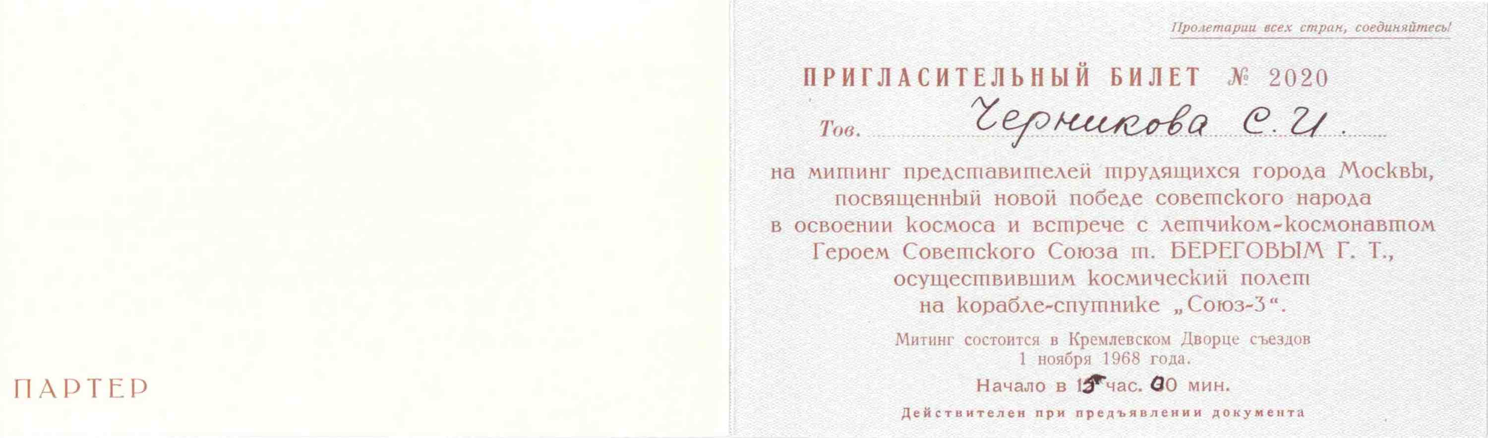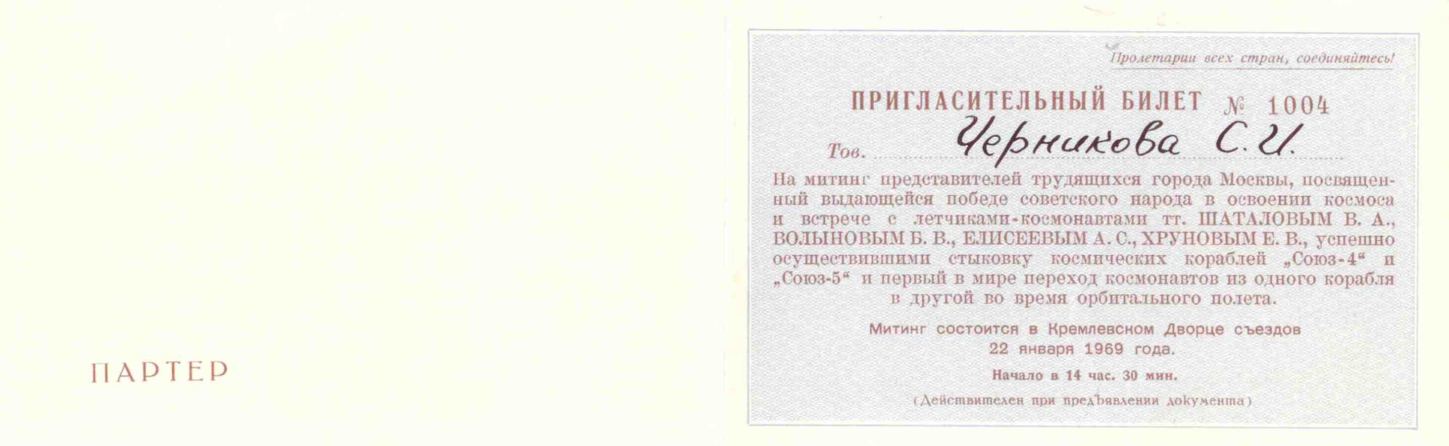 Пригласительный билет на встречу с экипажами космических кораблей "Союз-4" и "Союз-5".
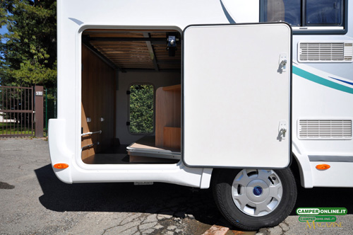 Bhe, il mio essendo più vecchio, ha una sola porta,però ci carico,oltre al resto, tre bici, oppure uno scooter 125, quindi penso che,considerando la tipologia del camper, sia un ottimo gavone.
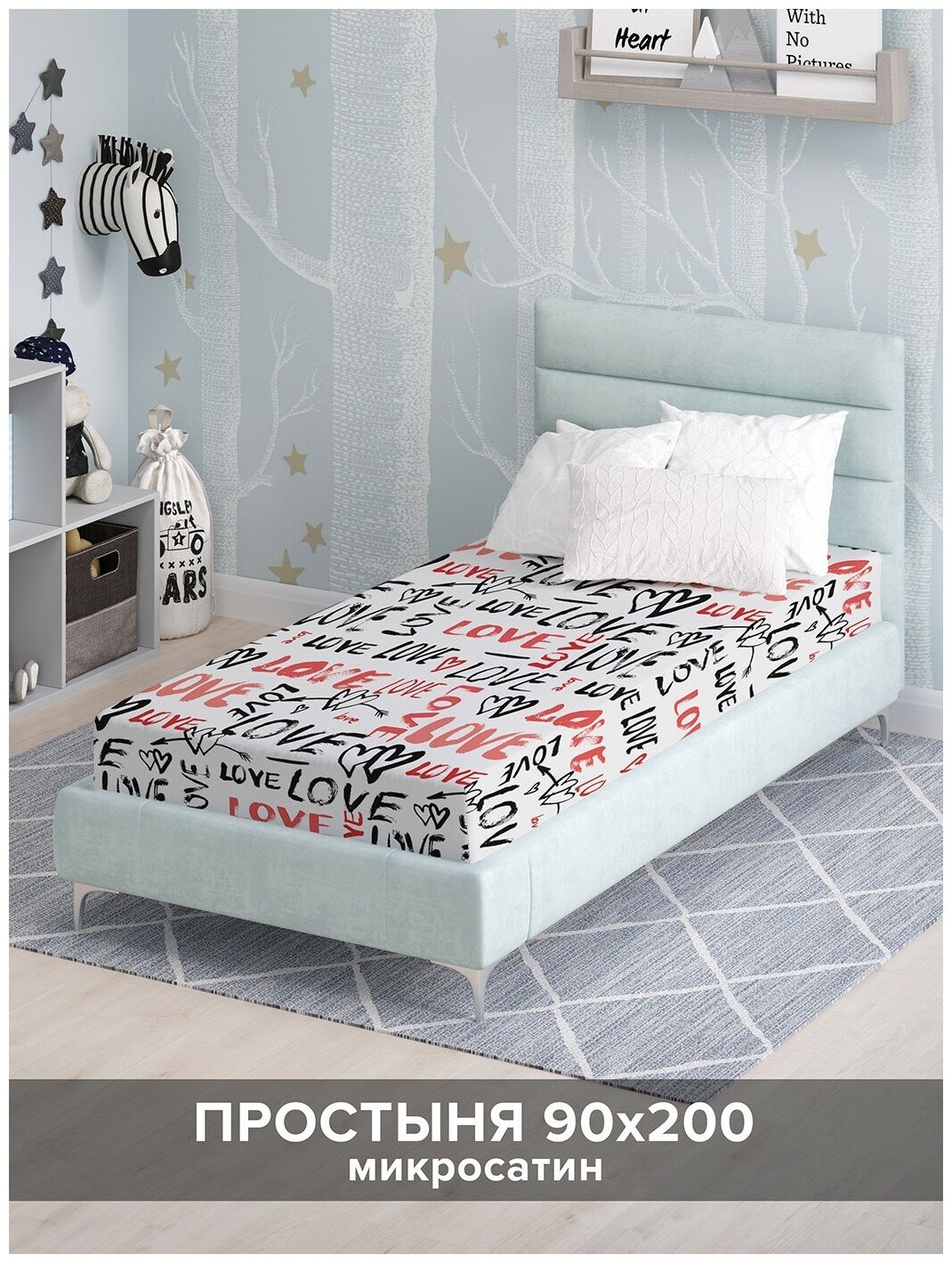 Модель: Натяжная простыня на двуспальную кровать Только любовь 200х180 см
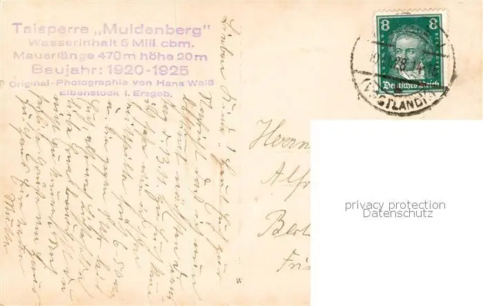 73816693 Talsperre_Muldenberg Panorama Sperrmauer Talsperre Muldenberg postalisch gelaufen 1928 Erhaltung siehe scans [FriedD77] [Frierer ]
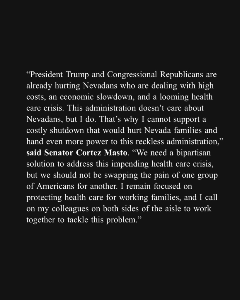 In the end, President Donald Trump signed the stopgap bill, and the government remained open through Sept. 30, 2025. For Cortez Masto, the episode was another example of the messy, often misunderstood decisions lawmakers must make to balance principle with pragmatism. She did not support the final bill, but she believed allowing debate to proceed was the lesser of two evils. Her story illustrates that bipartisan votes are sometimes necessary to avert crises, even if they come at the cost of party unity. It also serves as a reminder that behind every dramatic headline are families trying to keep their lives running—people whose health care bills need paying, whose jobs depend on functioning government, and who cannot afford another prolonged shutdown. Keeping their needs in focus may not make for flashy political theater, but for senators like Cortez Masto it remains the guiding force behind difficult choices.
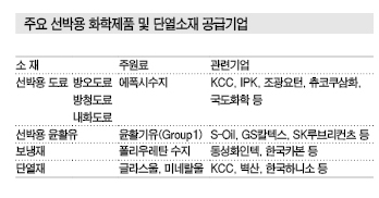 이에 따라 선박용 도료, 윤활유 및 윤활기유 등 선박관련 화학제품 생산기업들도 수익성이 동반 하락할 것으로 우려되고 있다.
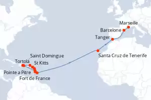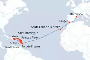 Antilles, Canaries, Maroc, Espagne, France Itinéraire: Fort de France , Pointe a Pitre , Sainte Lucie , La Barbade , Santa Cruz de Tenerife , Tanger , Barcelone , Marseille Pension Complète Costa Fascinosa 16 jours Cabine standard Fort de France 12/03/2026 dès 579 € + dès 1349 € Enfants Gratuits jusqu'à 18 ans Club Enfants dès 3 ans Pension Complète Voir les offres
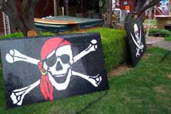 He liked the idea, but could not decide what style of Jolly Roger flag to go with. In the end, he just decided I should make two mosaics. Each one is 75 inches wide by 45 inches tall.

-------------------------

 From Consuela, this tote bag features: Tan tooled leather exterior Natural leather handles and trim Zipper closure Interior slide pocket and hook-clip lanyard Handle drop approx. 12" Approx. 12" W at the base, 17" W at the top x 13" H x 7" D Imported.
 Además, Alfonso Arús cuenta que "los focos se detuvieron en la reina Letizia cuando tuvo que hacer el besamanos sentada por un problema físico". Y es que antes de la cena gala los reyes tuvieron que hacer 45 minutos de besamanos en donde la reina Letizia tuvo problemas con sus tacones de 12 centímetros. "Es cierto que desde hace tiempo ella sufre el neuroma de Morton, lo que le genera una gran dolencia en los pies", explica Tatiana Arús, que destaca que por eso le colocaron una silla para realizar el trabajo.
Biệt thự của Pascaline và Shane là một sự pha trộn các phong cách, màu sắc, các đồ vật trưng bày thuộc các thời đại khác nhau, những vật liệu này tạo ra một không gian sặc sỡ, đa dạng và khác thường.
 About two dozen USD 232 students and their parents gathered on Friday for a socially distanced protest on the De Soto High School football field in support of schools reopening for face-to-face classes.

-------------------------

→ Requirement
Print, exactly and with no pictures, the lines of the listing above starting at the one that has "In the end, President" and ending at the one that has "He liked the", both included.

→ Task solution
 In the end, President Donald Trump signed the stopgap bill, and the government remained open through Sept. 30, 2025. For Cortez Masto, the episode was another example of the messy, often misunderstood decisions lawmakers must make to balance principle with pragmatism. She did not support the final bill, but she believed allowing debate to proceed was the lesser of two evils. Her story illustrates that bipartisan votes are sometimes necessary to avert crises, even if they come at the cost of party unity. It also serves as a reminder that behind every dramatic headline are families trying to keep their lives running—people whose health care bills need paying, whose jobs depend on functioning government, and who cannot afford another prolonged shutdown. Keeping their needs in focus may not make for flashy political theater, but for senators like Cortez Masto it remains the guiding force behind difficult choices.
 이에 따라 선박용 도료, 윤활유 및 윤활기유 등 선박관련 화학제품 생산기업들도 수익성이 동반 하락할 것으로 우려되고 있다.
 Antilles, Canaries, Maroc, Espagne, France Itinéraire: Fort de France , Pointe a Pitre , Sainte Lucie , La Barbade , Santa Cruz de Tenerife , Tanger , Barcelone , Marseille Pension Complète Costa Fascinosa 16 jours Cabine standard Fort de France 12/03/2026 dès 579 € + dès 1349 € Enfants Gratuits jusqu'à 18 ans Club Enfants dès 3 ans Pension Complète Voir les offres
 He liked the idea, but could not decide what style of Jolly Roger flag to go with. In the end, he just decided I should make two mosaics. Each one is 75 inches wide by 45 inches tall.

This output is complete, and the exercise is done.